KEY POINTS:
Listed biotech company Genesis Research and Development says its subsidiary, Biojoule, has produced an environmentally friendly plastic as a byproduct of making ethanol fuel.
Stephen Hall, the chief executive of Genesis, Biojoule's majority shareholder, said natural lignin - extracted from the shrubby willow used for ethanol - had been made into polyurethane foam.
Polyurethane has applications in a wide range of industries but is normally derived from petrochemicals.
"We can produce it economically and compete with petrochemically derived polyurethane but without any of the carbon footprint that comes from using petrochemical sources," he said.
Testing in Japan found the polyurethane product exhibited excellent results for thermal conductivity and density, and a potential customer was interested in buying "commercial" quantities, Hall said.

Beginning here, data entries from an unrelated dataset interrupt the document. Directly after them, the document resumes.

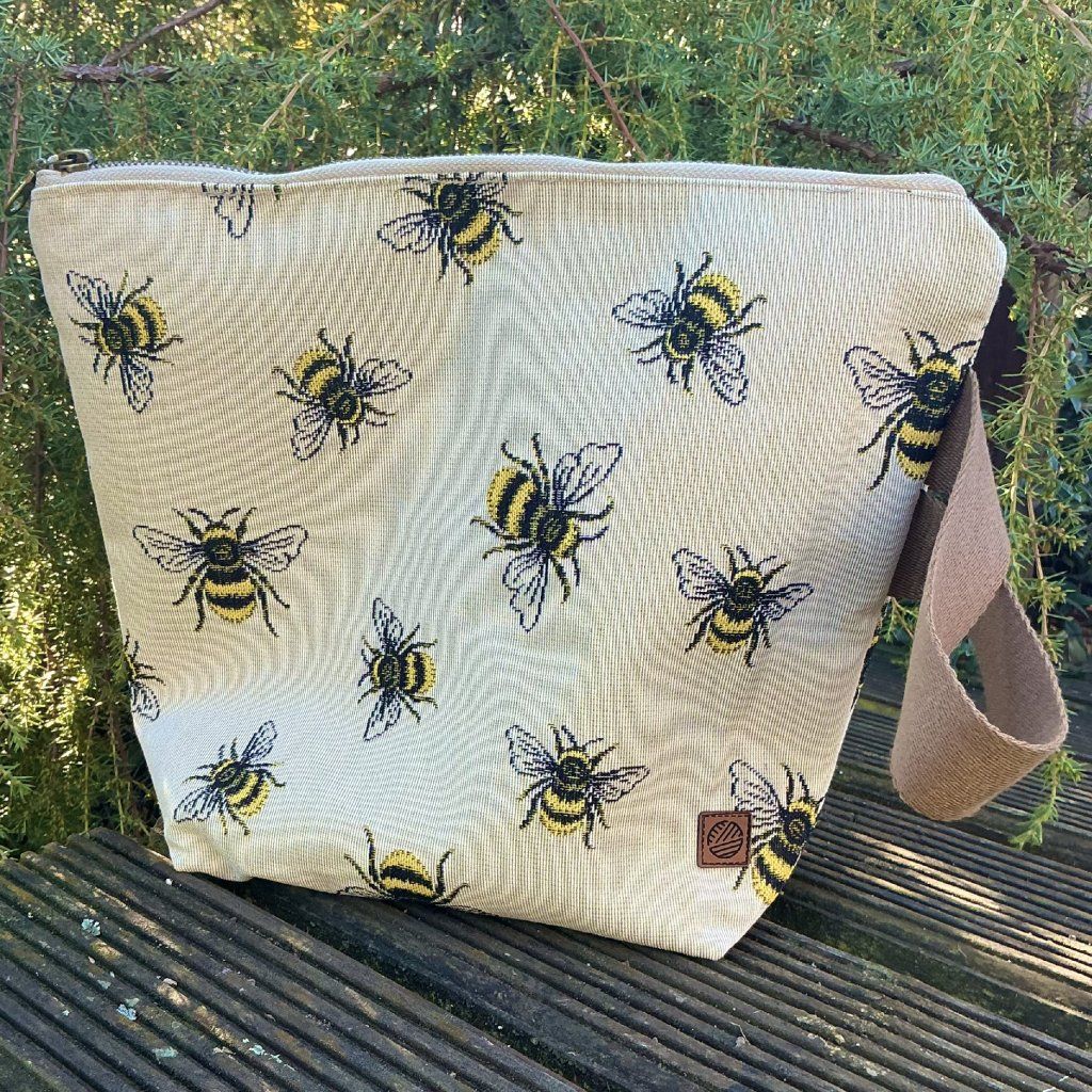 Ručně šitá projektová taška Klubkovka, vyrobená v malebném kraji Podhostýnska s bavlněnou podšívkou, dvěma kapsami, poutkem na značkovače a širokým popruhem na zápěstí. Model ZIP má zabírání na zip a je ušitý z odolné gobelín látky, která krásně drží tvar.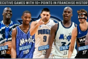 連續(xù)10+場(chǎng)數(shù)榜:奧尼爾147、麥迪116、武切維奇92、奧尼爾80、小瓦格納77、班凱羅73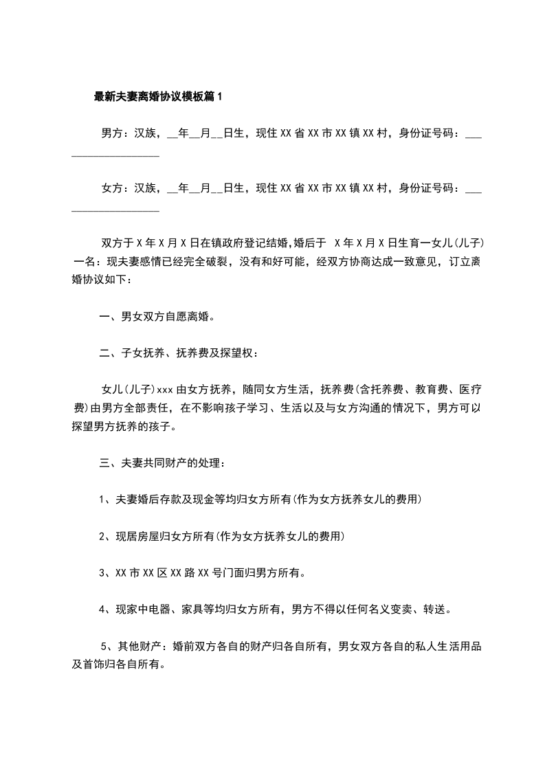 女方:汉族,__年__月__日生,现住XX省XX市XX镇XX村,身份证号码:___________________

"The price they were interested in buying it at is well within our range of what we hoped to achieve.
"If we can sell these products for these sort of market prices then the whole process is certainly very economic."
Hall said lignin could also be converted into other types of plastics.
"A lot of people are chasing biofuel - principally ethanol - but our process allows other valuable products to be produced as well so it really improves the economics."
An important dimension of using the rapidly growing hard wood was that, unlike corn, it did not displace food, Hall said.
"People who are using corn to produce ethanol are really pushing up the price of corn for many people, which has an impact on food and personal economics."
He said the shrubby willow crop seemed a good prospect for an economic use of much of the land around Lake Taupo that would not result in the run-off of nitrates into the lake.